In May this year, the US Department of Commerce put Huawei and ZTE on its newly created Entity List stating that the “U.S. Government has determined that there is reasonable cause to believe that Huawei has been involved in activities contrary to the national security or foreign policy interests of the United States.”
In August 2018, the Australian Government officially banned Huawei from all components of that country’s 5G rollout, citing security concerns.
As a result of that ban, Australia’s fourth largest broadband provider TPG Telecom, which had invested heavily in 5G spectrum and Huawei equipment, shocked the local industry by scrapping its plans to become the country’s fourth mobile carrier.
The three Indian telcos may well have paid attention to the TPG case, wishing to avoid the financial penalty paid by that company for investing in Huawei technology to fuel its entry into the mobile space.

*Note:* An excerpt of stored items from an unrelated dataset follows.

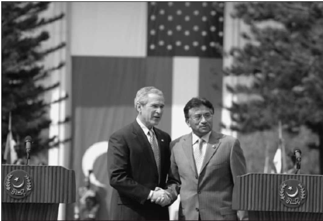
President George W. Bush and Pakistani president Pervez Musharraf shake hands after concluding a joint press conference in Islamabad, during a visit of the US president to Pakistan on March 4, 2006.

interrogation from the same individual. We never saw the “diplomatic liaison” again on any of our subsequent visits.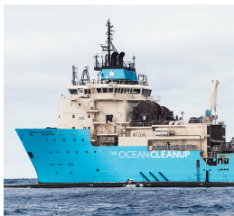
The Ocean Cleanup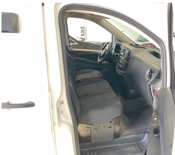
Figure 5: Interior - front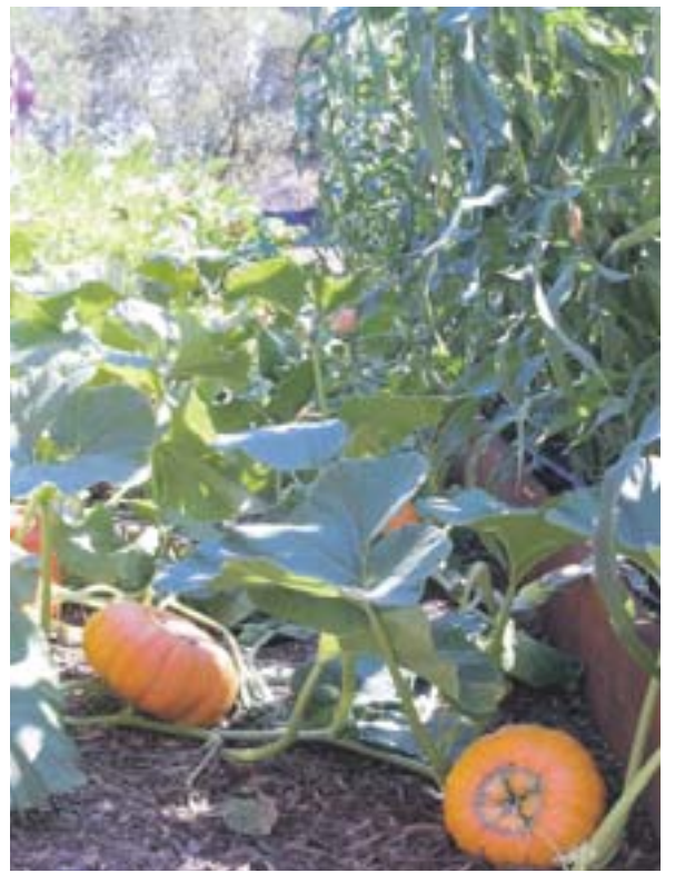
Thump a pumpkin and scrape your fingernail over the shell. If it doesn't pierce, cut the stem to harvest.

vorite vegetable or fruit at its peak. Berries are plump, juicy, and deep in color. Apples fall into your hand the second they are touched. Our noses lead us to the sweet smell of a ripe pear, our eyes shine on that perfect deep red tomato, and our ears hear the hollow thump of a crunchy melon. We use all of our senses to identify the best time to harvest including our common sense. If possible, pick your produce early in the morning, just as the sun is rising. The air is cooler and the crops are crisp, allowing them to last longer. If you wait to pick until the heat of the day, lettuces, radishes, peas, chards, and leafy greens will be limp and wilted. The second best time to harvest your non-droopy crops like zucchini, grapes, tomatoes, and root vegetables is early evening, preferably after the sun has set. The early sunbathing actually adds to their sugariness.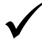
Remote Car Starters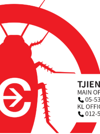
Bambang S QC Employee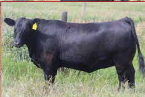
DAM OF LOTS 1-4 MS RENOWN 134 ET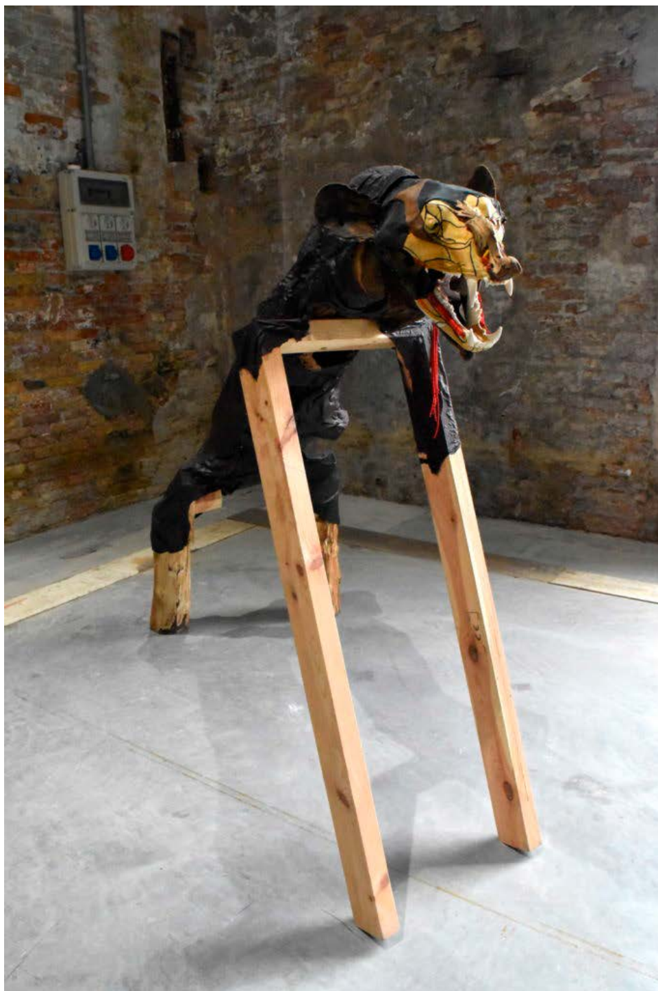
Jimmie Durham, Brown Bear (2017).

He won the Golden Lion for Lifetime Achievement at the 2019 Venice Biennale, having appeared in the exhibition's 1999, 2001, 2003, 2005, and 2013 editions. Durham participated in the 1992 and 2012 Documenta exhibitions in Kassel, Germany, and the 1993, 2003, and 2014 Whitney Biennials in New York.

The Economic Times also raises the argument that has ben raging in Australia about whether the core elements of a 5G network (5G core) can be separated from the radio communications elements (5G RAN).
The core is the intelligence at the heart of the network that handles network traffic across all the network access points, including fixed and wireless. The RAN (radio access network) includes all the communications equipment that will be found at the edge of the network, including base stations, antennas and IoT devices.
In Australia, intelligence agencies contend that unlike earlier evolutions of cellular technology, the 5G Core cannot be separated from the 5G RAN, a contention that is hotly disputed by a number of experts in the field and academia.
However, the UK Government has taken the view that the 5G Core can indeed be separated from the 5G RAN and in April this year gave the go ahead for Huawei to become a 5G RAN equipment supplier to UK telcos. According to a report in July, all of the UK telco operators are now using Huawei 5G RAN equipment.
According to The Economic Times, unnamed sources from Indian telcos say they favour going the UK route and using Huawei for only the 5G RAN portion of their rollouts as a middle ground compromise between China and the US.
For its part, Huawei appears to be resigned to the fact that its revenues from the US sphere of influence, including Western Europe, will be constrained by being confined to the supply of only 5G RAN portion of network rollouts.